■ Problem to work on ■
Nothing outside the range below should be printed. Output exactly the lines from the line with "Zu sehen sind" to the line with "Vibromasseur lapin violet", both included.

(Data to use Opens)

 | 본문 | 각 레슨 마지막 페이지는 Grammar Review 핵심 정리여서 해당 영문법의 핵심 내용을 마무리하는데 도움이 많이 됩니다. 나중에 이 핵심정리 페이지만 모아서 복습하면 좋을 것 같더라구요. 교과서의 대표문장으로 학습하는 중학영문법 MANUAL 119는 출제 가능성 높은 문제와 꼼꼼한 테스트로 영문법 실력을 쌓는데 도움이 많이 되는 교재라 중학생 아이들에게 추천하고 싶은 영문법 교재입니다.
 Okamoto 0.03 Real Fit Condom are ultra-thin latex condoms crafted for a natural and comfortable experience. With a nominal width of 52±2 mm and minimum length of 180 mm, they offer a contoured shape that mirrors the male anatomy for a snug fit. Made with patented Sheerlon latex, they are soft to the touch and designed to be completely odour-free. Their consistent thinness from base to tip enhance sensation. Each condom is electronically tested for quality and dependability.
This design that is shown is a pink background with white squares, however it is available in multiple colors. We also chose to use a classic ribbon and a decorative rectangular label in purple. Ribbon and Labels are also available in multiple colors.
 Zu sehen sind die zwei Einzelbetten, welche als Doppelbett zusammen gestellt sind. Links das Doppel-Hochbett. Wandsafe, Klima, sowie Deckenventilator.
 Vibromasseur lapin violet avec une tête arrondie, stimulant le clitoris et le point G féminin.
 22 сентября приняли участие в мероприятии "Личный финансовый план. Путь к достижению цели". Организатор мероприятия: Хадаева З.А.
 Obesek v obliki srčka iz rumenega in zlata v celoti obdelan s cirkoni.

(Data to use Closes)
(Data to use Opens)

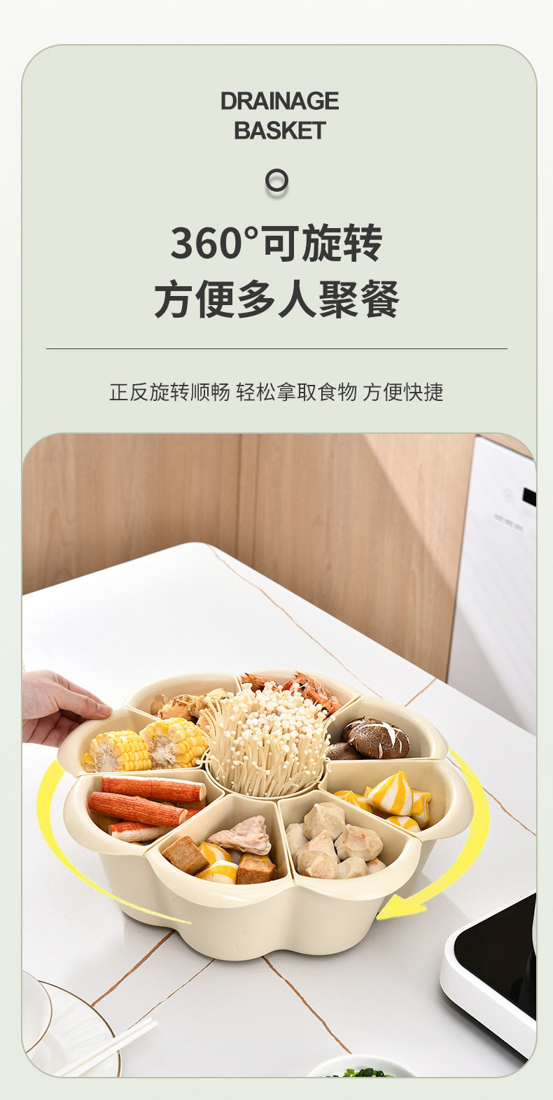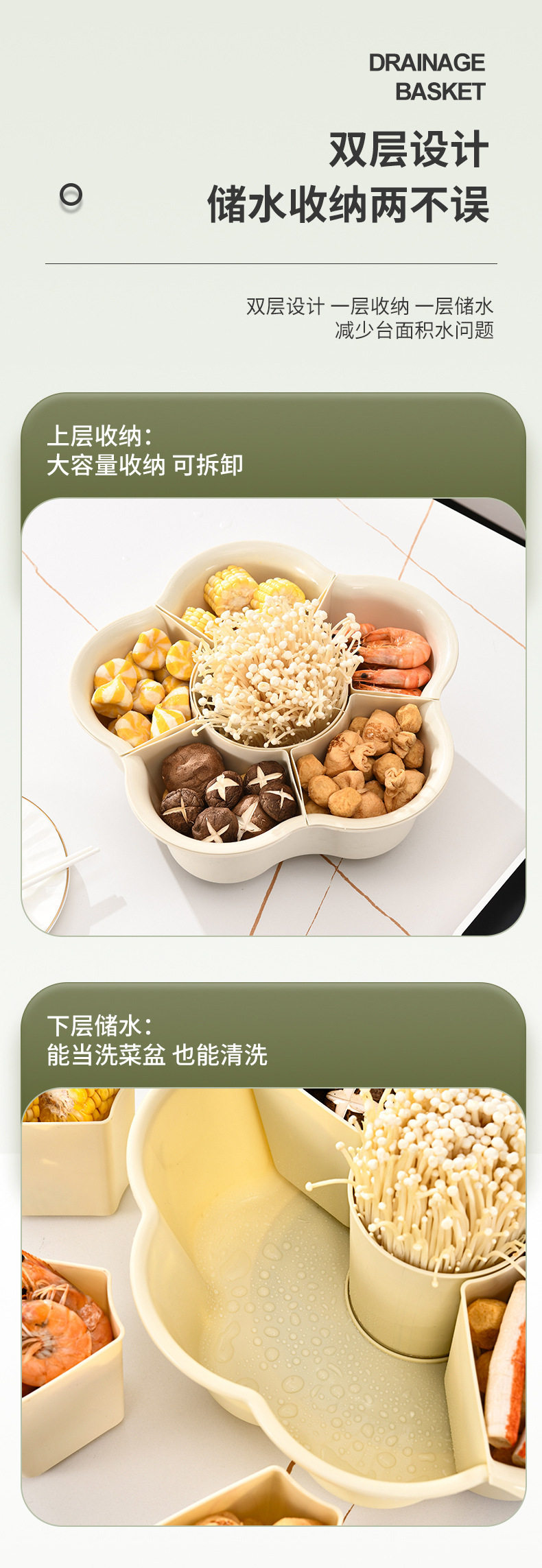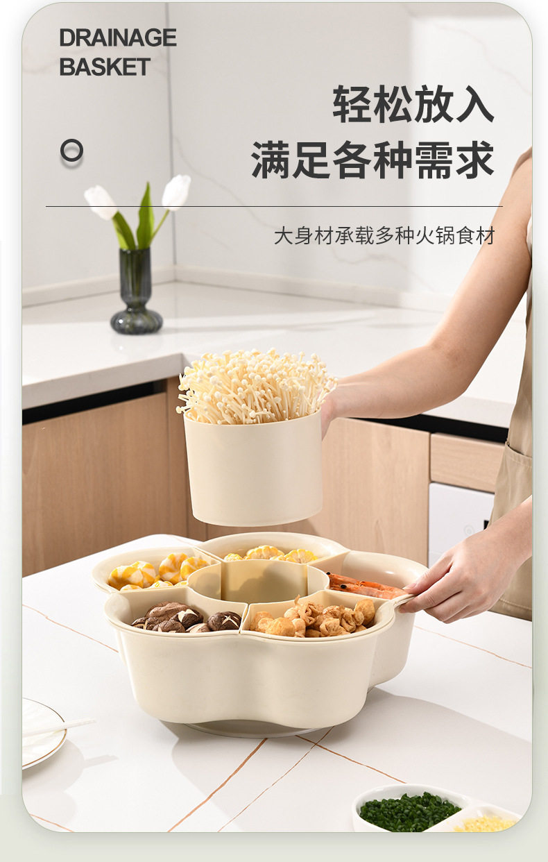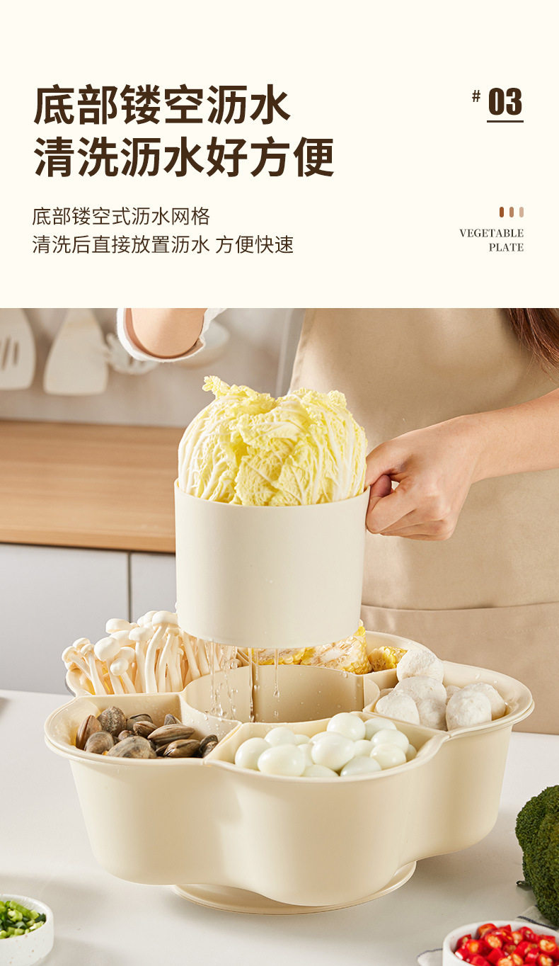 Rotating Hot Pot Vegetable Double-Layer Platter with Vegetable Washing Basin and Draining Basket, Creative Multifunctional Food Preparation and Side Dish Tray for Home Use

(Data to use Closes)
(Data to use Opens)

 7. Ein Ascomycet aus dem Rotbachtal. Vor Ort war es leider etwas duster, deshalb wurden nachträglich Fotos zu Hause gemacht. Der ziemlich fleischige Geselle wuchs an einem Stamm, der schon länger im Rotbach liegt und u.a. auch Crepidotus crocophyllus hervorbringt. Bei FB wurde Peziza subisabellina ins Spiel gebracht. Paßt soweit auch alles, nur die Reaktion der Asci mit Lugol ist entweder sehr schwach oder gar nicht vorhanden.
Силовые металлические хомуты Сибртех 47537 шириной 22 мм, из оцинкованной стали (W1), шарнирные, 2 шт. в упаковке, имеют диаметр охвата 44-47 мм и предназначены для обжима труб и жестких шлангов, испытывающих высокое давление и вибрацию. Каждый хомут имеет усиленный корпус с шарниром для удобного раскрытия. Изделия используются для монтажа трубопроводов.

(Data to use Closes)

■ Exercise answer ■
 Zu sehen sind die zwei Einzelbetten, welche als Doppelbett zusammen gestellt sind. Links das Doppel-Hochbett. Wandsafe, Klima, sowie Deckenventilator.
 Vibromasseur lapin violet avec une tête arrondie, stimulant le clitoris et le point G féminin.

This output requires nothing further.